▶ **WHAT NEEDS TO BE DONE**:
Without copying any picture, transcribe exactly the lines of the data below from the one containing "When the parking" through the one containing "ENC Technology Microphone".

▶ **RAW DATA**:
###

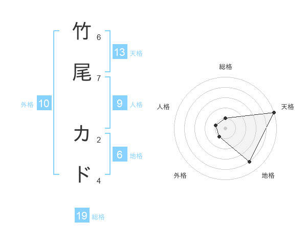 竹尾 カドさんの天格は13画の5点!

###

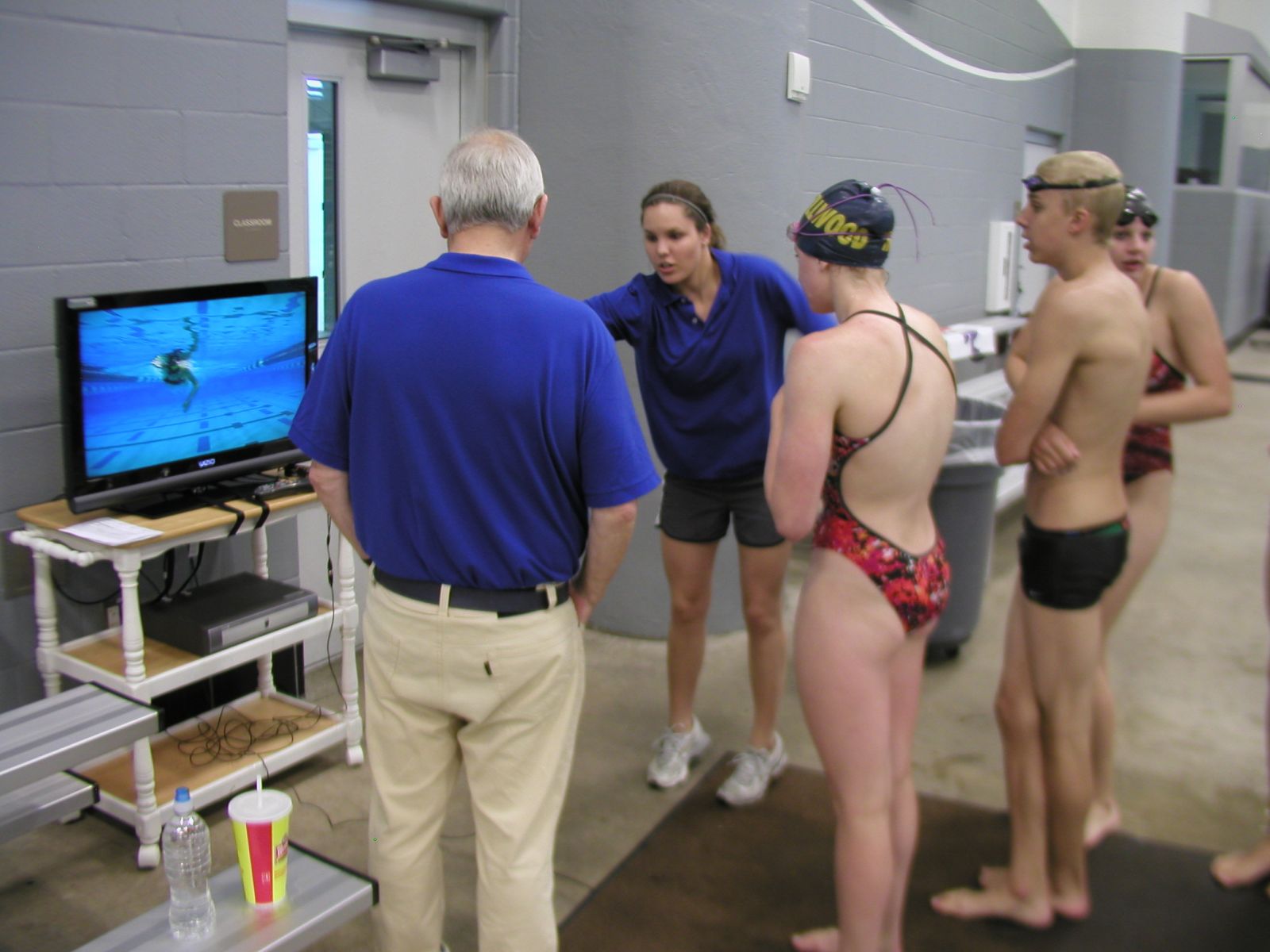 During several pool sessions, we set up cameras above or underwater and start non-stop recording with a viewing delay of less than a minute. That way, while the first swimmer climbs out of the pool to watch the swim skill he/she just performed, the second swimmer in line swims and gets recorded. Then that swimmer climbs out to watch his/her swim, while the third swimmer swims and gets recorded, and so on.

###

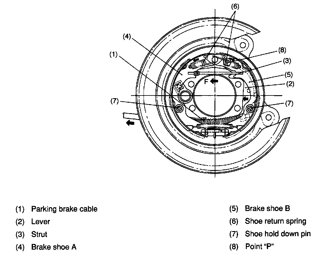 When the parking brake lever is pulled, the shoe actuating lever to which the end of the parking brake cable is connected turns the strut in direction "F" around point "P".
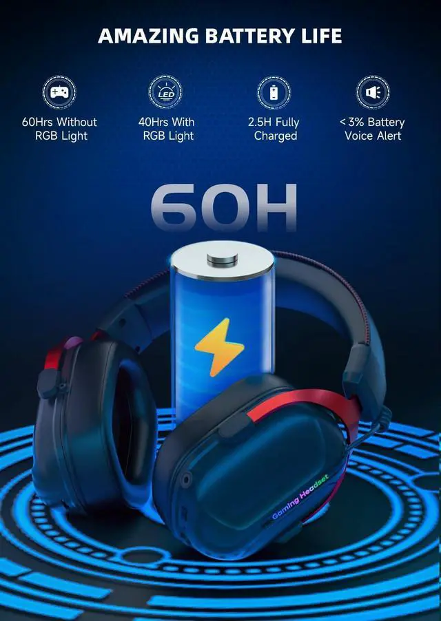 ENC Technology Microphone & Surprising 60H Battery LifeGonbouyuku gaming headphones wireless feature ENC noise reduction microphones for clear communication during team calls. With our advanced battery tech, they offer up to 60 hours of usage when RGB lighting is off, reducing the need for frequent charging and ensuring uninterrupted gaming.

###

▶ **REPLY**:
 When the parking brake lever is pulled, the shoe actuating lever to which the end of the parking brake cable is connected turns the strut in direction "F" around point "P".
 ENC Technology Microphone & Surprising 60H Battery LifeGonbouyuku gaming headphones wireless feature ENC noise reduction microphones for clear communication during team calls. With our advanced battery tech, they offer up to 60 hours of usage when RGB lighting is off, reducing the need for frequent charging and ensuring uninterrupted gaming.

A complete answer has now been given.